Possible errors and their solution:
item not found while searching type within alignment module - ReferenceList_Find() failed
The tool is unable to resolve the base position or list of positions, check for typos, formatting errors and path to the option-file. Note that the chromosome name needs to match what was used in the originally submitted file (1 vs. chr1 for instance), this command will work: sra-pileup -r 1:559140-559160 -o pilestat.txt SRR390728 But this command will cause an error: sra-pileup -r chr1:559140-559160 -o pilestat.txt SRR390728 Reference names can be found by running SRA stat and looking for the "name=" under <AlignInfo>: sra-stat -x -q SRR390728
directory not found while opening manager within virtual file system module - failed to open "SRR*"

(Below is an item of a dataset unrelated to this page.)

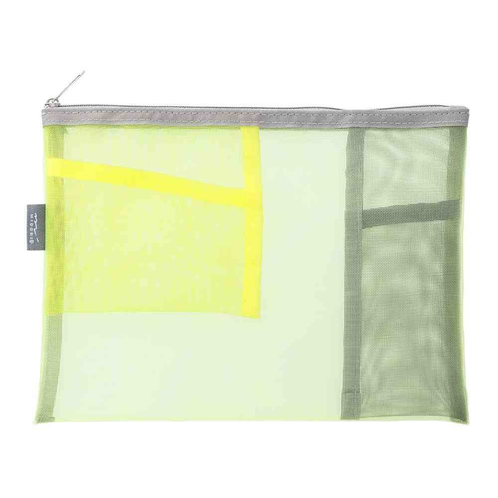 色と形の違う2つの内ポケットがついたメッシュポーチです。 収納する物のサイズによってポケットの大きさがざっくり分かれているので、 細々したものも整理しやすく、一目で中身を把握できて、取り出しやすいです。 文具を入れるポーチとしてだけでなく、化粧ポーチや診察券・お薬手帳入れとして使うのもおすすめです。

This error indicates that the .sra file cannot be found. Confirm that the path to the file is correct.
item unsupported while opening within application support module - failed to open "SRR*", it is not a vdb-database
This error indicates that the specified Run was not submitted as aligned data. Only data submitted as aligned (ie: bam format) can be analyzed by sra-pileup.
param unknown while parsing argument list within application support module - Unknown argument
This error indicates an unrecognized argument. Check your command line for typos, the problem option is usually indicated in quotes at the end of the error message.